The strength of an RA, the time its issued, the response times, and the corrective RA thresholds are such that a single RA ought to be sufficient - if it weren't, the the system would be inadequate for protection against Non TCAS aircraft.

However, lets say that aircraft A has lost an engine,

the crew are in the early stages of working the procedures and haven't yet gone to TA only, yet are unable to get anywhere near +1750 fpm. This is going to be a bit of a shame, because there is an aircraft present - aircraft B - that has the performance required to avoid the collision, but its being specifically told not to climb.

Whereas, if aircraft A is at TA only, aircraft B will NOT coordinate its escape manoeuvre. It'll say to itself "need to manouvre - descent inhibited - I will climb". Problem solved.

In otherwords "TA only mode" frees up the other aircraft in the encounter.

Essentially, IF you are working in an 'all tcas equipped' environment, then using TA mode is a "I have priority, you get out of my way" mode.

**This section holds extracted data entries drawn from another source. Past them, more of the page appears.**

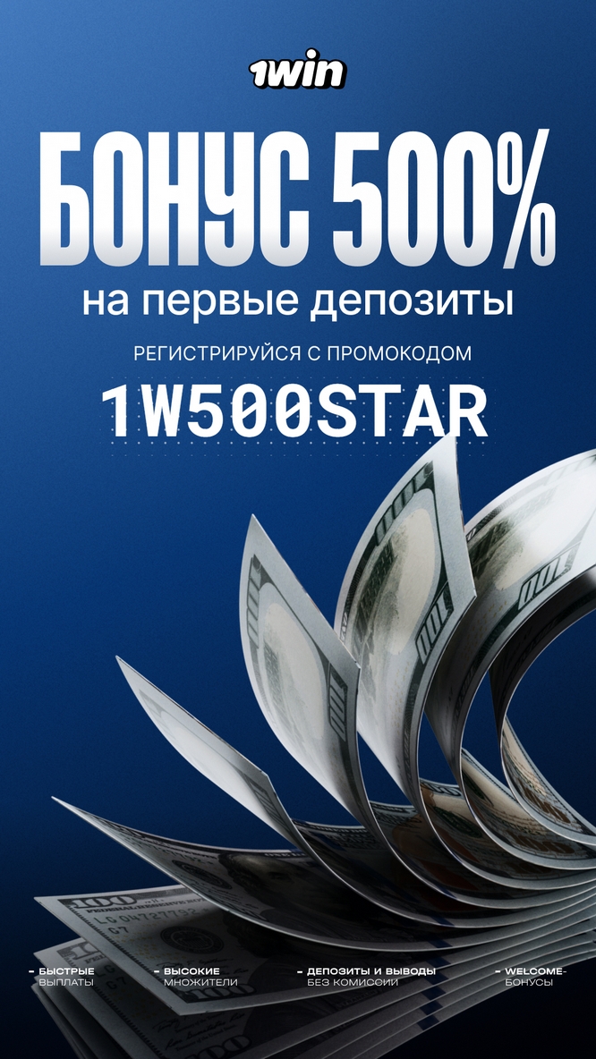 - На первый депозит действует бонус до 200%. - На второй депозит предоставляется бонус 150%. - На третий депозит предоставляется бонус 100%. - На четвертый депозит предоставляется бонус 50%. Промокод 1win 2026: 1W500STAR - 1Win Приветственный Бонус Промокод 1Вин. При первом депозите вы получите бонус в размере 500% до 200 000 рублей на свой счет не единственное предложение компании. Промо доступен только новичкам. Ваучер могут использовать люди, которые прошли регистрацию. Ваучер можно искать на следующих ресурсах: - официальный сайт казино; - социальные сети - аккаунты оператора; - мессенджеры - каналы бренда; - наш информационный ресурс. Клиент, который хочет получить деньги или фриспины должен убедиться в актуальности. Дополнительные средства принесет только действующий 1Win промокод на фрибет - ищите его на официальных ресурсах. Игроки, которые используют неактуальные данные, останутся ни с чем. Оператор при этом не будет штрафовать, другим способом наказывать посетителя сайта. Для вывода средств, полученных от бонусной программы, требуется: - Заключать пари только на одиночные события. - Коэффициент пари не должен быть ниже 3.0. - Доступны любые виды спорта и киберспорт. Если ставка завершится положительным исходом, то 5% суммы изымаются с бонусного счета и переводятся на основной лицевой счет игрока. 1Win Промокод при регистрации: 1W500STAR - уникальный код, активирующий бонус 500% до 75,000 рублей. Это эксклюзивное предложение доступно исключительно новым игрокам, предоставляя им возможность получить увеличенный приветственный бонус от 1Win. 1win предлагает различные виды промокодов, каждый из которых имеет свои особенности: - Промокоды для новичков или при регистрации: Эти бонусы предназначены для тех, кто только начинает играть на платформе. - Для всех игроков: Эти поощрения доступны для всех клиентов, независимо от их опыта и статуса. - Для активных игроков: Некоторые промокоды активируют бонусы для активных игроков, например, увеличенный кешбэк или дополнительные бонусы за определенные суммы ставок. - Промокоды на фрибеты: Эти промокоды предоставляют возможность сделать бесплатные ставки. - Промокоды на спины: Эти промокоды дают возможность бесплатно вращать определенные слоты. - Промокоды на дополнительные средства при пополнении баланса: Эти промокоды предоставляют дополнительные средства при пополнении баланса. - Промокоды для участия в специальных акциях: Эти промокоды предоставляют возможность участвовать в специальных акциях. Используйте промокод 1Win: 1W500STAR при регистрации, чтобы получить максимальный бонус в размере 500% до 75 000 рублей. Введите промокод в соответствующее поле при заполнении формы регистрации, чтобы получить до пяти дополнительных бонусов на ваш депозит. Бонус 1Win будет зачислен на два бонусных счета одновременно - на счета “Ставки” и “Казино”. Как правильно использовать промокод в 1win 1win промокод без депозита: 1W500STAR вводится при регистрации и предоставляет бонус до 500% на первый депозит. Вот как его использовать: - Перейдите на рабочее зеркало сайта или откройте официальное мобильное приложение. - Нажмите на зелёную кнопку “Регистрация” в правой части верхнего меню. - Выберите удобный вариант регистрации: в 1 клик, через социальные сети или почтовый ящик. - Укажите валюту лицевого счёта, номер телефона, почтовый ящик или другие запраши
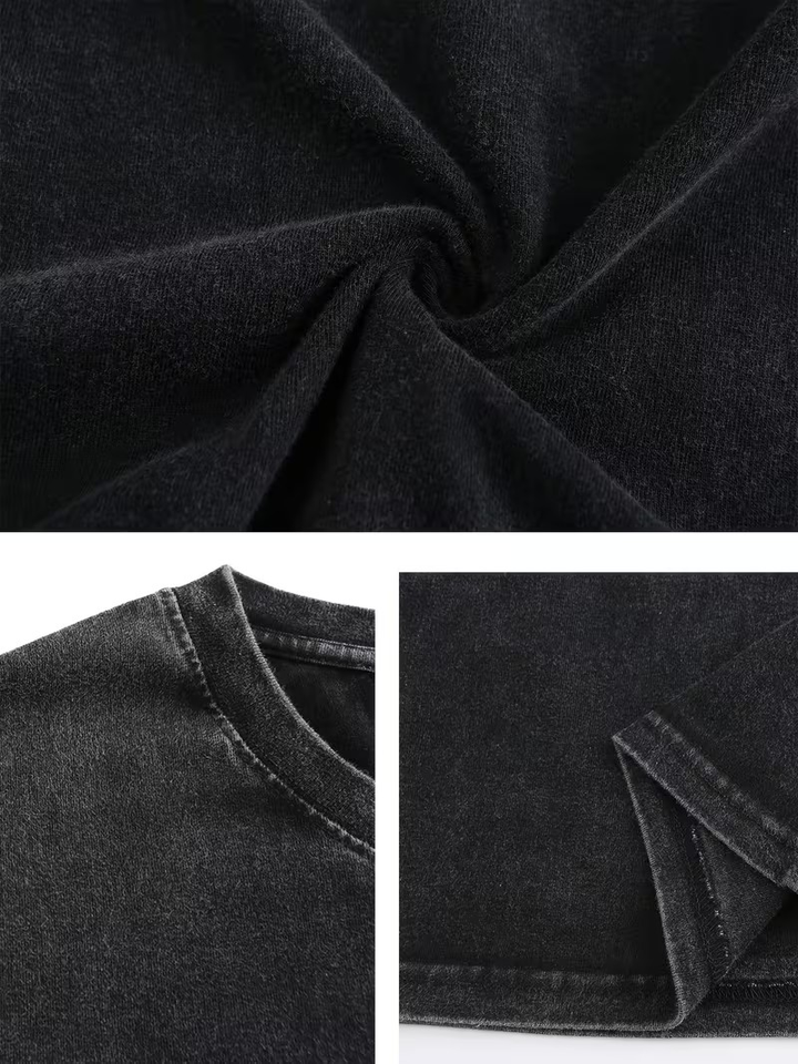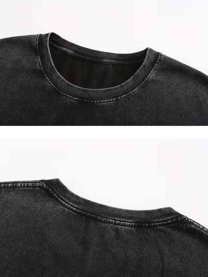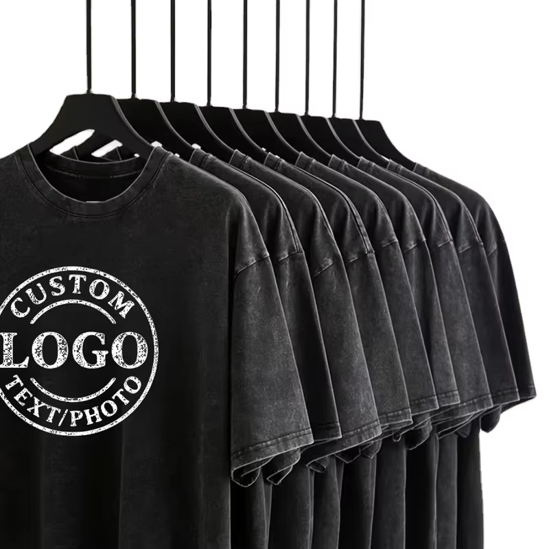 Custom Printed Chest Logo Personalized Front Silk Screen Printed Turtleneck Men's Washed Aged 100% Cotton Formal Short T-Shirt
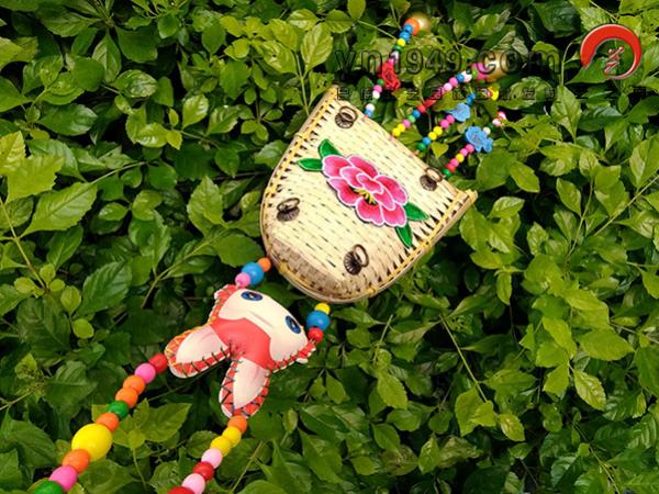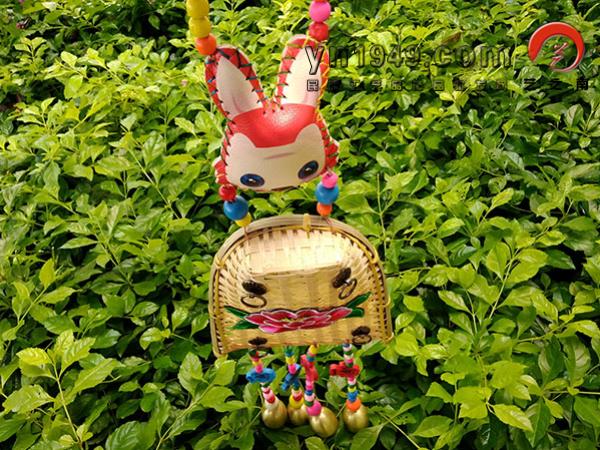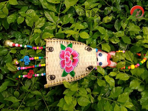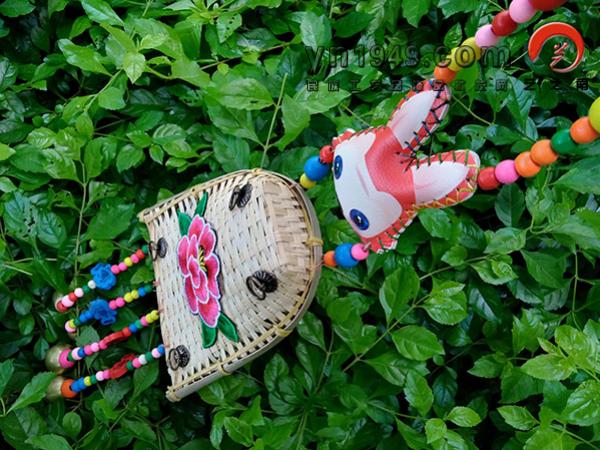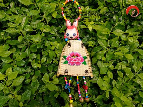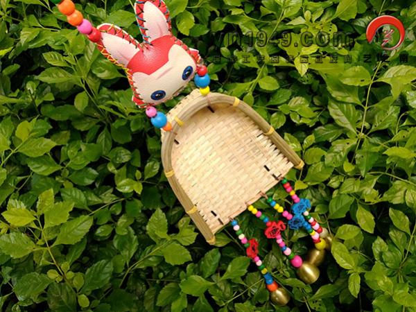 材料:竹编、绣花、彩绘皮、彩色木片、彩色木珠、4个铜铃
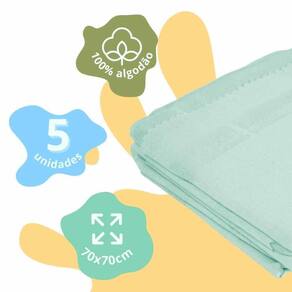 Principais Características: Pacote com 05 unidades de Fralda Cor: Verde Medida da Fralda: 70x70cm Composição: 100% Algodão macio e confortável Costurar a Bainha para maior durabilidade Tecido Duplo Extra absorvente ou seja, existe duas camadas para maior durabilidade Alta absorção Idade: A partir do primeiro dia de vida
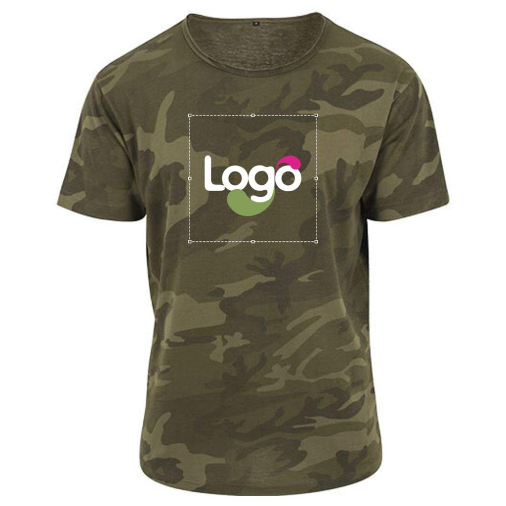 Tee-shirt Camo tee i bomull och polyester, erbjuder en oversize-skärm och optimal komfort. Den har en märkesfri storleksetikett, uppsatta ärmar, en renhetsband och en fin kant. Dubbla sömmar vid kantlinjen säkerställer en god hållbarhet. Denna tee-shirt är idealisk för att personalisera efter dina behov och kan ta emot din logga eller visuell. Den kan personaliseras efter dina önskemål för att spegla din varumärkesidentitet.
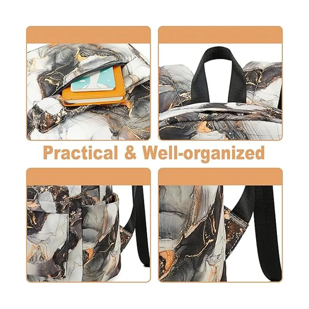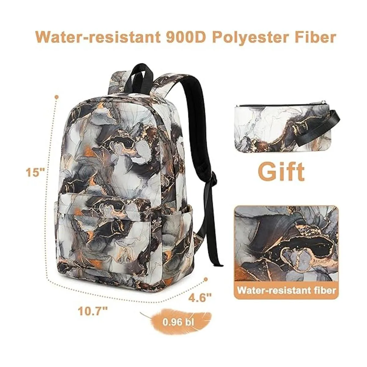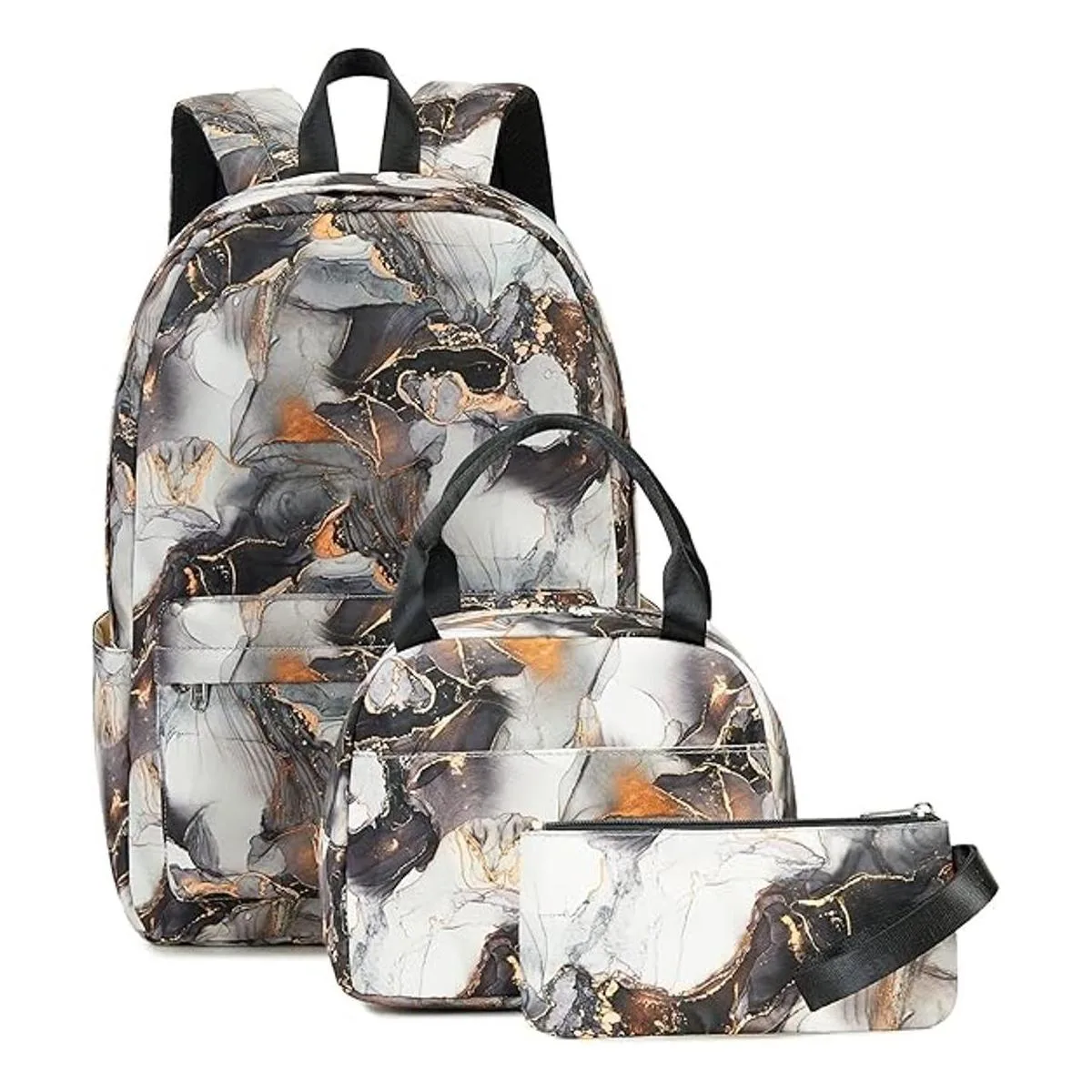 BLUBOON Mochila escolar para niñas adolescentes y niñas, juego de bolsas de libros con caja de almuerzo, estuche de lápices de viaje, mochila casual para laptop, Negro mármol
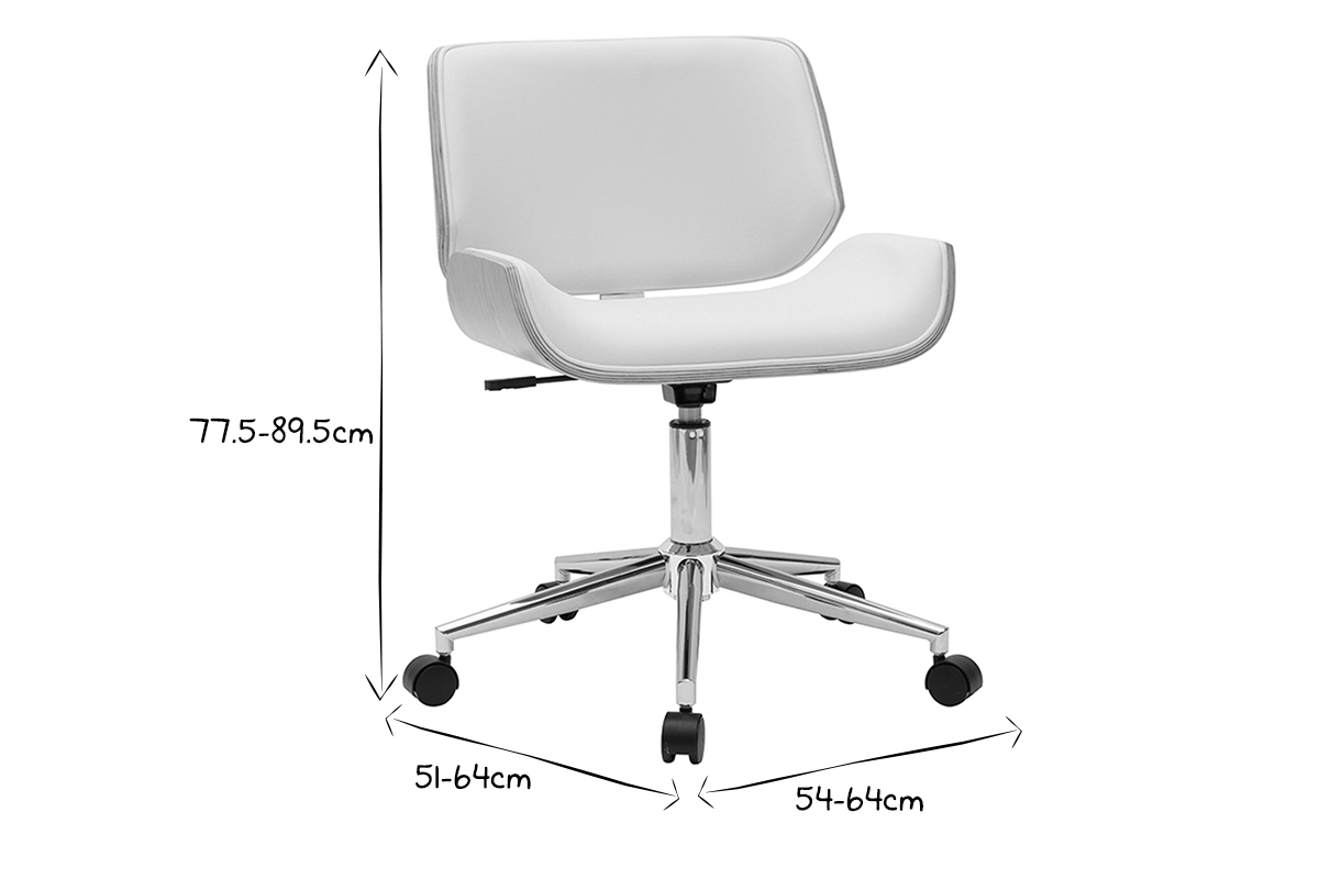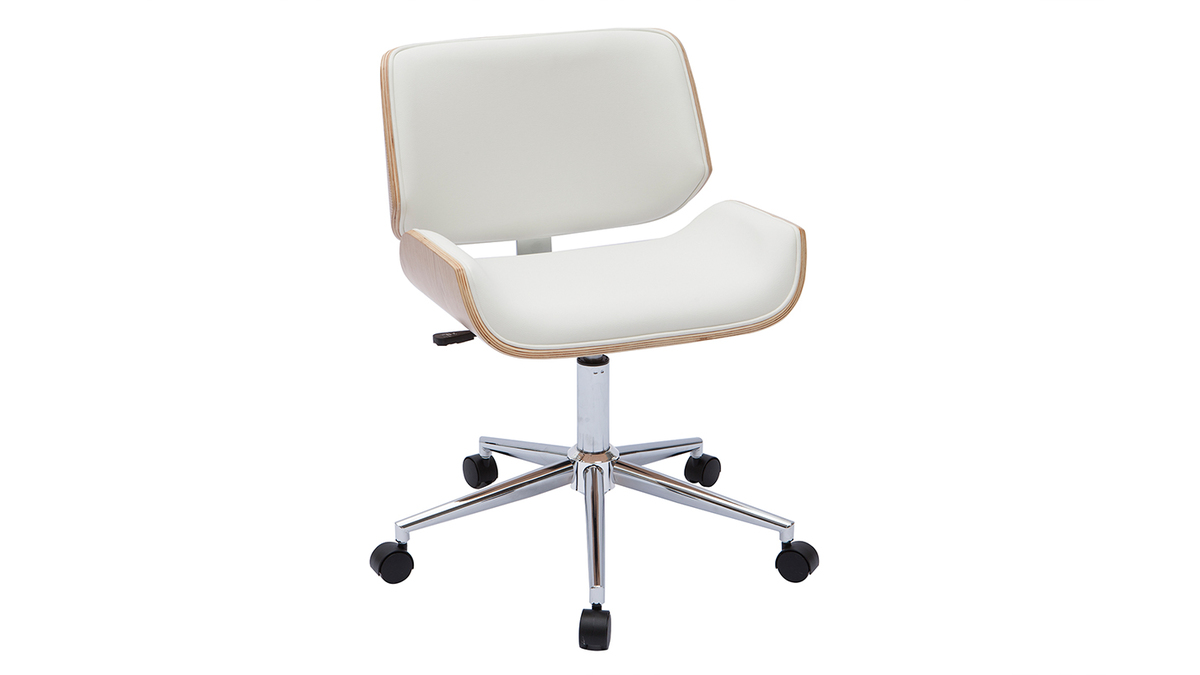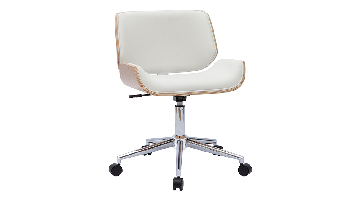 De l'allure, mais pas que ! Avec une assise et un dossier rembourrés, c'est une chaise de bureau confortable. Son siège pivotant est réglable en hauteur (entre 47 et 59 cm de hauteur d'assise) pour s'adapter à chacun. Afin de rester mobile, cette chaise de bureau blanche est munie de 5 roulettes.

To that end CJ driver, use of TA mode is safer if the aircraft has a situation where you know you can not respond fully or accurately to an RA. Various aircraft I have flown have had 'TA only mode' specified in several abnormal checklists relating to engine or flying control malfunctions.

Mad Flt:

Yes, lots of type dependancy in there. For sure, the TCAS may have inputs from various systems to help it know what the aircraft can and can't do. For example, on the ATR (which I was a skipper on whan TCAS was mandated) the system had inputs by making particular ice protection selections. Setting "level 2" protection (i.e. we are entering icing conditions) changed the TCAS perf inhibitions (as well as changing a bunch of other stall protection / minimum speeds etc).

Similarly in a jet, ice protection bleeds reduce performance in a quantifiable manner and presumeably quite accurate calculations can be made regarding perf inhibitions.

However, I was alluding to actual airframe ice, rather than airframe ice protection. I know a lot of folks here will be driving jets with good performance but spare a thought for the turboprop drivers who live in the teens of thousands rather than just punching through them in a couple of minutes

pb

 

19th October 2008, 01:06   #51 (permalink)

galaxy flyer  

Capt Pit Bull

Join Date: Dec 2002Location: Quabog Valley, USAAge: 56Posts: 875

Again, much obliged; now I understand not only the reason for TA ONLY, but also the importance of the selection.